Disisi lain juga dia mengapresiasikan dengan adanya diskusi terkait "Hari Kesaktian Pancasila" yang diselenggarakan oleh KBM FE.
"Saya
sangat mengapresiasi sama kawan-kawan FE yang sudah mengadakan diskusi
mengenai Pancasila. Karena di era globalisasi ini budaya Literasi
dikalangan mahasiswa sudah pudar." Ujar Kant.
Penilaian
tentang kaburnya implementasi nyata dalam penerapan ideologi Pancasila,
juga terlontar dari kalangan aktivis lembaga kemahasiswaan yang hadir
dalam diskusi ini.
Agung Laksono, mahasiswa Teknik Industri UNSERA justru mengaku tidak
pernah melihat implementasi saktinya ideologi Pancasila ini.
"Saya justru melihat ada keterkikisan diantara pasal yang tidak menyatu dalam pengimplementasian Pancasila. Pancasila itu seharusnya sejalan dengan seluruh silanya. Tetapi pada kenyataannya Pancasila sudah termakan oleh kapitalisme yang membabi buta. Seperti contohnya Demokrasi, demokrasi kita bukan lagi sistematis, tetapi sudah liberalisme." Ungkapnya.

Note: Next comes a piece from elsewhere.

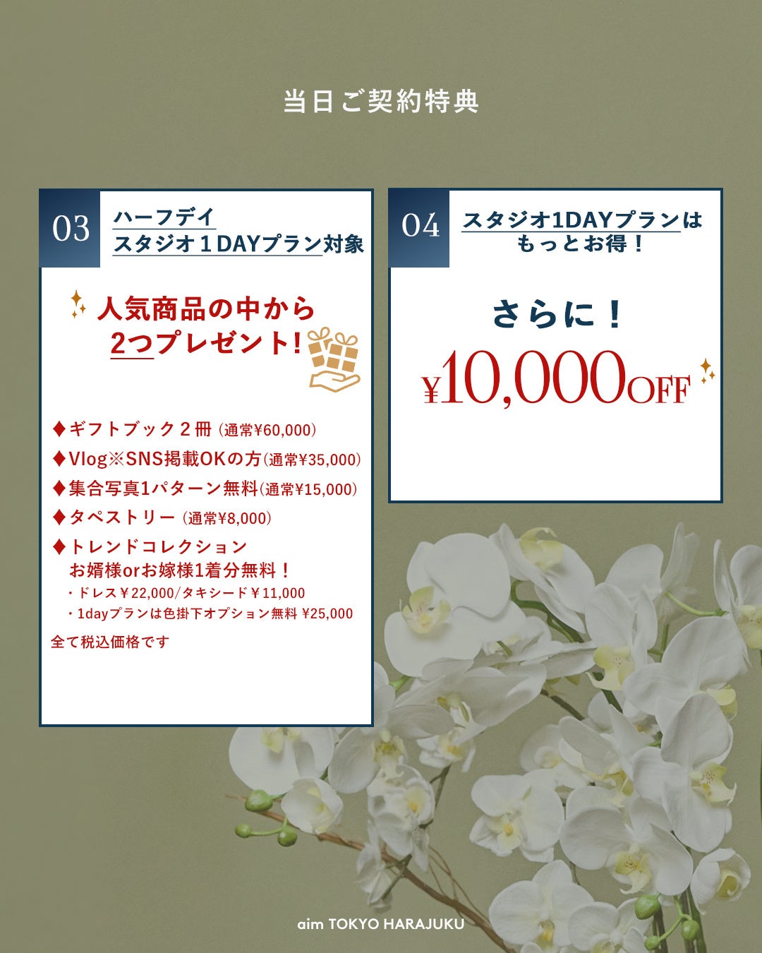 ・トレンドコレクション1着分無料(※スタジオ1DAYプランの場合は色掛下無料)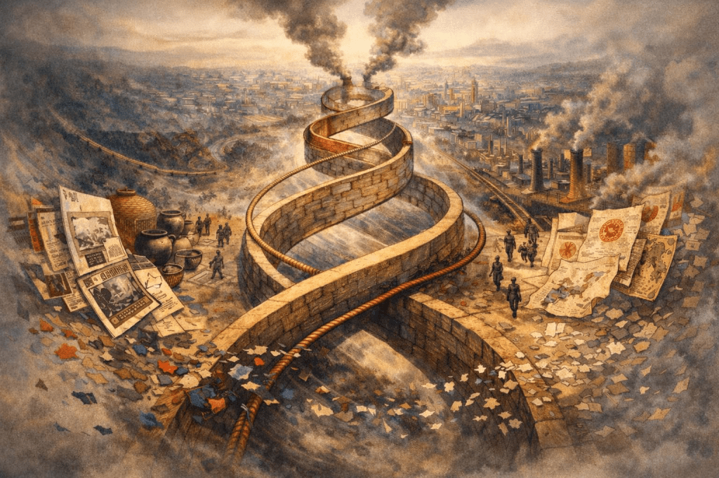1926這一年,並非因為情緒成熟、理念水到渠成,而是因為「工藝問題」在日本社會中,正好走到了制度即將被定型、棋局即將被鎖死的關鍵斷面。要看見這個「制度即將凝固」的斷面,之前一再被我們暗示提及的一個概念與現實必須被正面放上舞台,或者應該說,我們正式升起這座龐大舞台的時候到了,那就是1867年「大政奉還」接著1868年「明治維新」的主題,東西文化板塊撞擊後地層激烈抽拔隆起的分水嶺:現代化!

Agung juga menambahkan, ketika Orde Baru berkuasa selama 32 tahun, Pancasila telah mengalami reduksi dan pendistorsian habis-habisan. “Saat itu, Pancasila identik dengan rejim Soeharto. Jadi, siapa yang menentang rejim Soeharto dan kebijakannya, maka mereka akan dicap sebagai anti-Pancasila,” kata aktivis berkulit putih asal Teknik Industri itu.
Sekarang ini, kendati pancasila tidak lagi paksakan seperti di jaman
orde baru, tetapi benar-benar telah menghilang dari kehidupan bangsa
Indonesia. “Jokowi menyebut dirinya masih setia pada Pancasila, dan juga
program kerja prioritasnya yaitu "Nawacita" tetapi kenyataannya dia
adalah seorang neoliberal dan pendukung politik liberalisme, gagasan
programnya apa yang direalisasi apa. Gak nyambung!” kata Agung.

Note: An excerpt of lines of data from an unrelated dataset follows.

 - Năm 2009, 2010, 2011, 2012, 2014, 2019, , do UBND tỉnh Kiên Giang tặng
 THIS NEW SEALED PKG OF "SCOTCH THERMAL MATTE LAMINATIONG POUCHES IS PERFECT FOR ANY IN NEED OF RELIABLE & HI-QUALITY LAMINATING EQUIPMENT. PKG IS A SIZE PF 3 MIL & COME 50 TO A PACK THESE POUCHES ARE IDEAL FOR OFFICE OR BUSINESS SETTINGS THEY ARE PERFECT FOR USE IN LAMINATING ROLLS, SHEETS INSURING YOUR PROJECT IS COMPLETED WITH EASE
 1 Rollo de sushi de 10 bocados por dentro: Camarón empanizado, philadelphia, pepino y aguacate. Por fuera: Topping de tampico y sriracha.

Oleh karena itu, bagi Agung, yang terpenting adalah bagaimana menerapkan
dan mempraktekkan nilai-nilai Pancasila, bukan sekedar menghafal
ataupun membacanya dalam teks-teks pidato.
Terlepas dari
persoalan mengenai Pancasila, Kang Aldi selaku moderator menegaskan
perlunya tetap memaknai Hari Kesaktian Pancasila dalam kehidupan
sehari-hari, terutama pada era pascareformasi seperti saat ini.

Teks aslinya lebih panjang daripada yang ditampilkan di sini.